I always understood the phrase, 'bagel and lox Jew' to be a shorthand of sorts to describe someone who is a culturally identified and not a particularly religious Jew. Someone who had a bagel spread on Sunday but did not go to shul on Saturday. Whether this is an insult, praise, or benign is in the mind of the beholder. In this 1946 letter, the Glenco rabbi viewed ‘bagel and lox Jew’ as a tragedy and wrote, "Actually they have no Jewish consciousness at all. They have picked up a few affinities they might describe as Jewish but they are matters of habit, or of the palate. There is no Jewishness in their hearts or in their homes." The letter goes on but that is the gist of it. I was a bit surprised that this debate/argument was happening in 1946. I would have thought in the years immediately following the Holocaust we wouldn't be quibbling with who was Jewish enough.

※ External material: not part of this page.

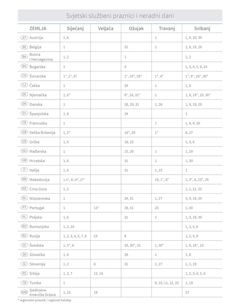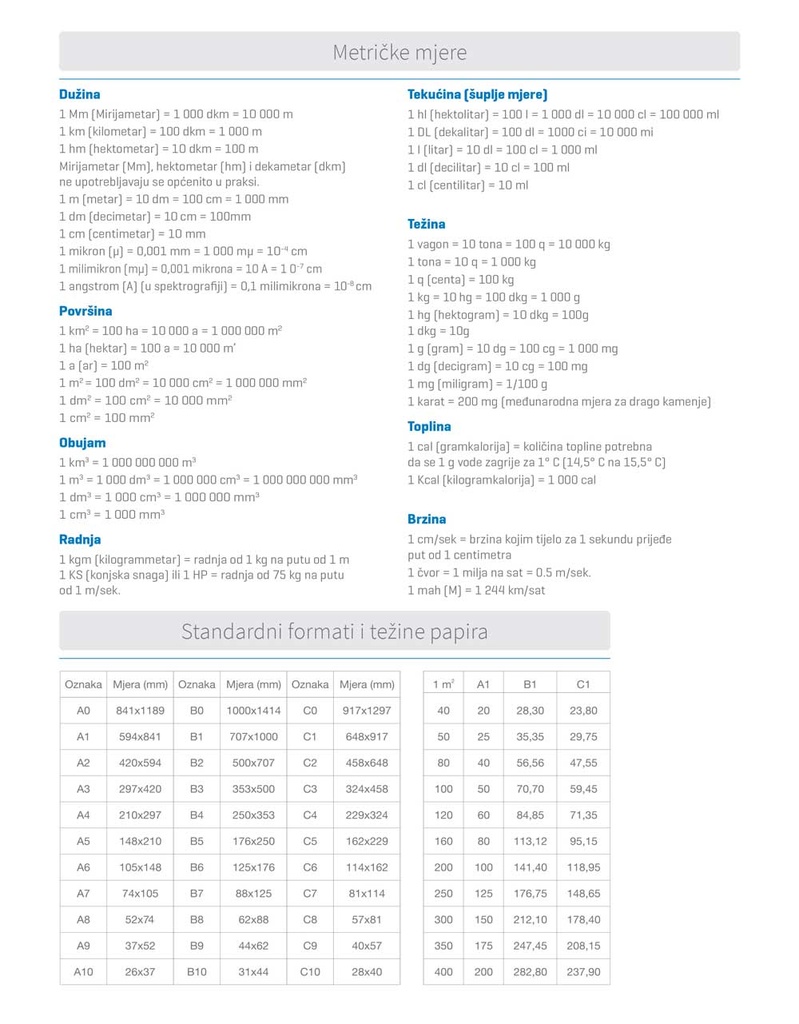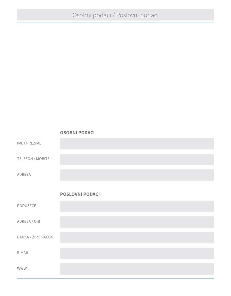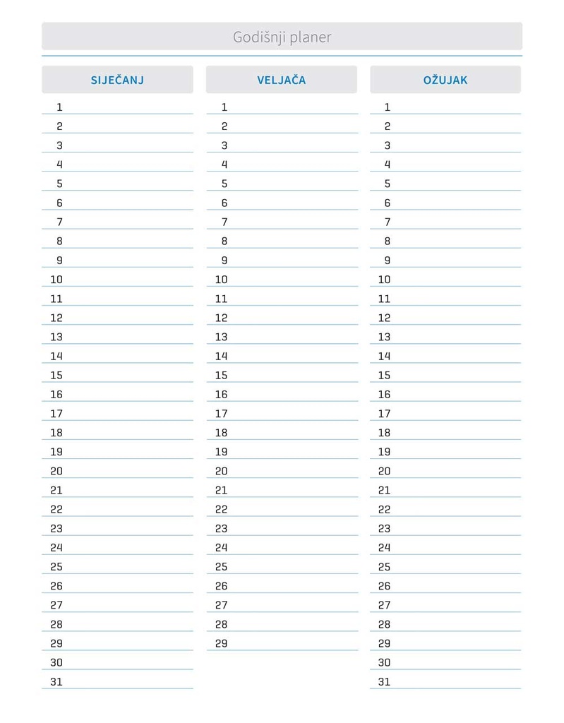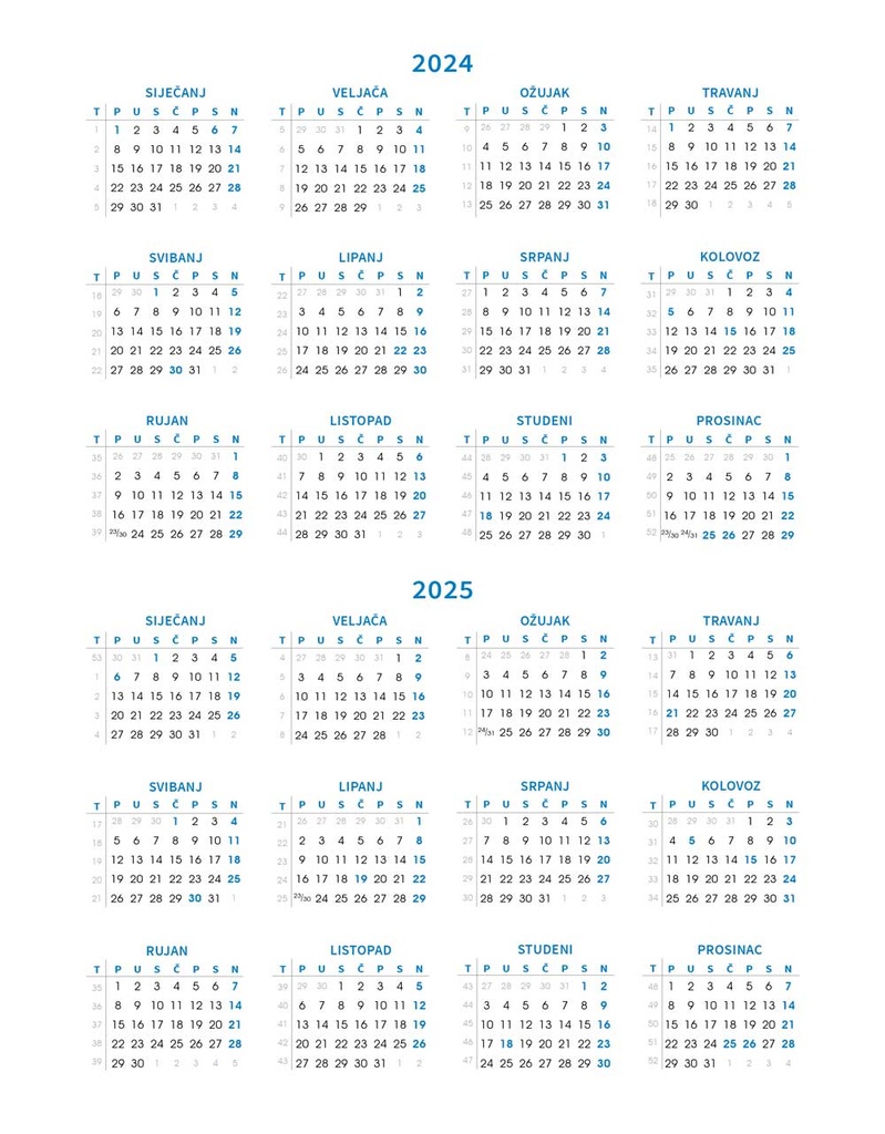 Scope: 192 pages / Dimensions: ~19.5 x 26 cm / Languages: HR / Paper type: 80 g/m² sheets / Print: Two colors / Binding: Sewn, headband, ribbon marker / Recommended printing methods: Foil stamping, thermal printing, UV printing / Content: The first part contains basic information, a 4-year calendar, a monthly planner, time zones, distances between major European cities, and metric measures. The second part includes notes.

But we were then and we are now. This has me thinking about how the Wexler Oral History Project (a project of the National Yiddish Book Center) lost a big chunk of money as a result of the Federal defunding of the National Endowment of the Humanities. I come from a Yiddish folksinger lineage. My mom’s oral history is one of the 1,000 interviews in that project, which illustrates an expansive view and the richness of Jewish history and culture. Jewish history is full of examples of how we survived by maintaining our traditions. I think it would do us Jews well to not police who is and who is not (metaphorically) a “bagel and lox” Jew. We have enough Tsuris (trouble) as it is.